#### [What to work on]
The line with "La Secretaría de" through the last line of the entries: give these again exactly, and only these, without any pictures.

#### [Stored dataset items]
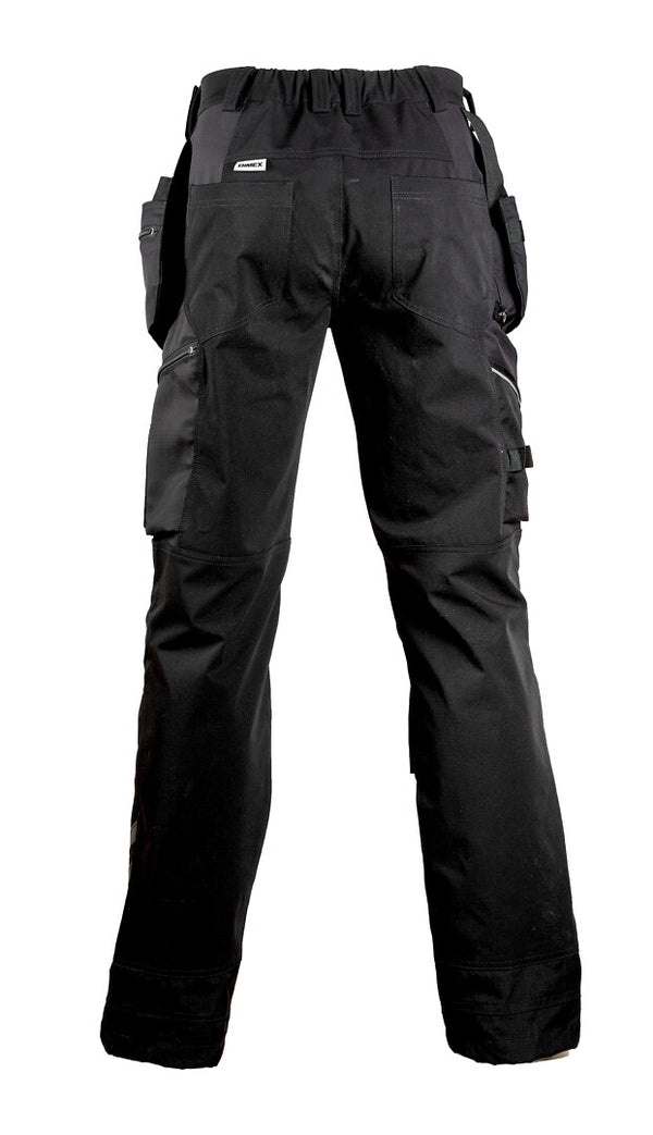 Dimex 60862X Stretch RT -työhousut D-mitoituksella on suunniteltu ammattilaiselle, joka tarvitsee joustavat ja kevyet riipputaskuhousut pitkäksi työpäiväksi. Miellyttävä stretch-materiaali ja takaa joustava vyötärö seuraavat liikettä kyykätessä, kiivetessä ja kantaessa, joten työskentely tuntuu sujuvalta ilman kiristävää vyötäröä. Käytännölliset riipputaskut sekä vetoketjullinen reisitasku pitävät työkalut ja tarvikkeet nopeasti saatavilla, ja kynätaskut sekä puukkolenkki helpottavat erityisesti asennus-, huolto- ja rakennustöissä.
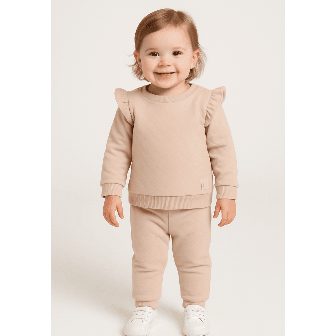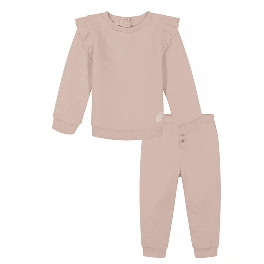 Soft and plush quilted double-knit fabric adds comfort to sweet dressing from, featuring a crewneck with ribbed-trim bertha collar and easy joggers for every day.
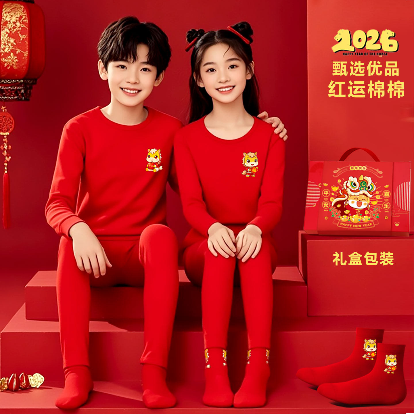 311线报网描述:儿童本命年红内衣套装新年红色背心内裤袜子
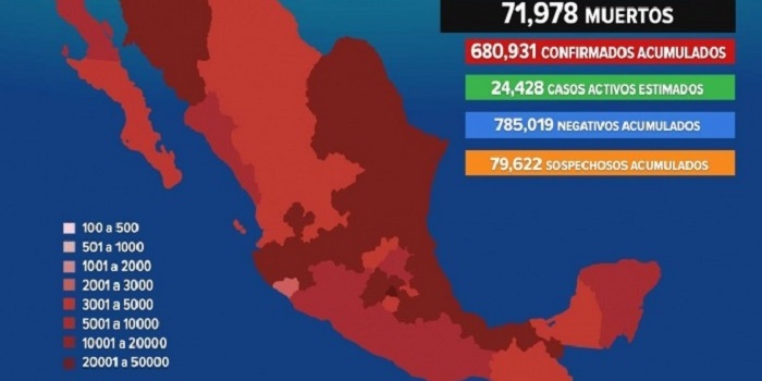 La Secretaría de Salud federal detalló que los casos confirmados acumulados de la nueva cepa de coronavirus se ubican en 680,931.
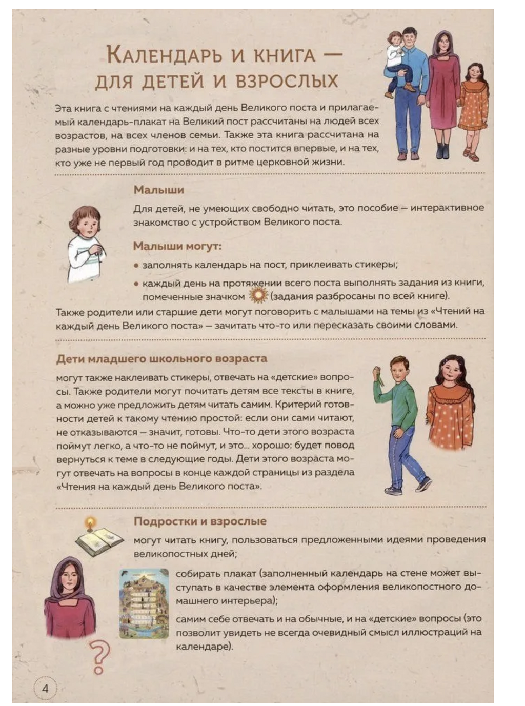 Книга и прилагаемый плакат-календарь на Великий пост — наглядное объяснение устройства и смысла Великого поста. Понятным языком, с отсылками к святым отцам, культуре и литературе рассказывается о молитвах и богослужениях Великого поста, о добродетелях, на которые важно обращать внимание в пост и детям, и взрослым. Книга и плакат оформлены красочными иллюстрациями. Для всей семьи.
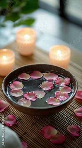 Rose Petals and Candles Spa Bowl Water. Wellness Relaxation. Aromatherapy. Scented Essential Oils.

#### [Solution to this task]
 La Secretaría de Salud federal detalló que los casos confirmados acumulados de la nueva cepa de coronavirus se ubican en 680,931.
 Книга и прилагаемый плакат-календарь на Великий пост — наглядное объяснение устройства и смысла Великого поста. Понятным языком, с отсылками к святым отцам, культуре и литературе рассказывается о молитвах и богослужениях Великого поста, о добродетелях, на которые важно обращать внимание в пост и детям, и взрослым. Книга и плакат оформлены красочными иллюстрациями. Для всей семьи.
 Rose Petals and Candles Spa Bowl Water. Wellness Relaxation. Aromatherapy. Scented Essential Oils.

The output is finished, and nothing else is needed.